Qual a função da arte em tempos dominados por uma perspectiva não apenas conservadora, mas muitas vezes publicitária e mercantilista, em que as pessoas se portam como clientes de um produto frente a uma criação artística?
A função da arte é sempre a mesma: ser um laboratório de liberdade. Na exposição ‘Fullgás’ tenho cinco obras, das quais quatro pertencem ao período do Movimento de Arte Pornô (1980-1982): 3 fotos de poemas-graffiti; 1 camiseta com o poema monovocabular OVERGOZE; 1 poema digital, intitulado “Não!,” de 1982, criado após o fim do Movimento de Arte Pornô. É importante frisar que Movimento de Arte Pornô (MAP) não produzia o que entendemos hoje por pornografia, ou seja, um produto comercial cujo objetivo é a excitação sexual. O MAP não tinha nada a ver com isso. O MAP subvertia a lógica da pornografia para criar algo novo: uma pornografia livre, alegre, imaginativa, e emancipatória. Obras e publicações do MAP fazem parte de coleções de museus internacionais, tais como o Museu de Arte Moderna e o Metropolitan Museum of Art, ambos de Nova Iorque; o Tate, em Londres; o Centro Pompidou, em Paris; e o Reina Sofia, em Madri. O MASP não as possui mas já as exibiu. Essas obras não foram censuradas nesses museus quando exibidas. Esse fato fala por si só.

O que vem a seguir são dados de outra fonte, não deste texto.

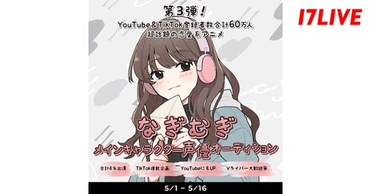 17LIVE株式会社(東京都渋谷区、代表取締役:ジャン・ホンフイ、URL:https://jp.17.live/)が運営する日本最大級のライブ配信アプリ「17LIVE(イチナナ)」は、YouTube・TikTokを中心に登録者数合計60万人を有する恋愛漫画「なぎむぎ」とコラボレーションのもと、メインキャラクターを含めた声優として出演するライバーを選出するイベント、「『なぎむぎ』メインキャラクター声優オーディション」を、本日2025年5月1日(木)より開催することが決定しましたので、お知らせいたします。

O cenário enfrentado pelos artistas plásticos hoje é muito diferente de períodos de assumida censura institucional?
Na época do MAP, por exemplo, a Gang, que era o braço performático do Movimento, foi expulsa em 1981 da Biblioteca Mário de Andrade. Levamos o público para fora do teatro da Biblioteca e fizemos a performance na escadaria da entrada. Outros membros do MAP também sofreram censura. Por exemplo: a poeta Sandra Terra foi presa e teve seus livros confiscados em 1981 e Hudinilson Jr. teve um de seus outdoors censurado em 1983, o que o levou a cobrir a obra com uma tarja, em protesto. Estes são alguns exemplos de como, numa época em que a censura era uma área oficial do governo, os ímpetos autoritários se reproduziam nas várias esferas da sociedade. Mas, veja, estamos falando de um período que ainda era de ditadura. Hoje, se o Brasil é de fato uma democracia, a censura é inconcebível.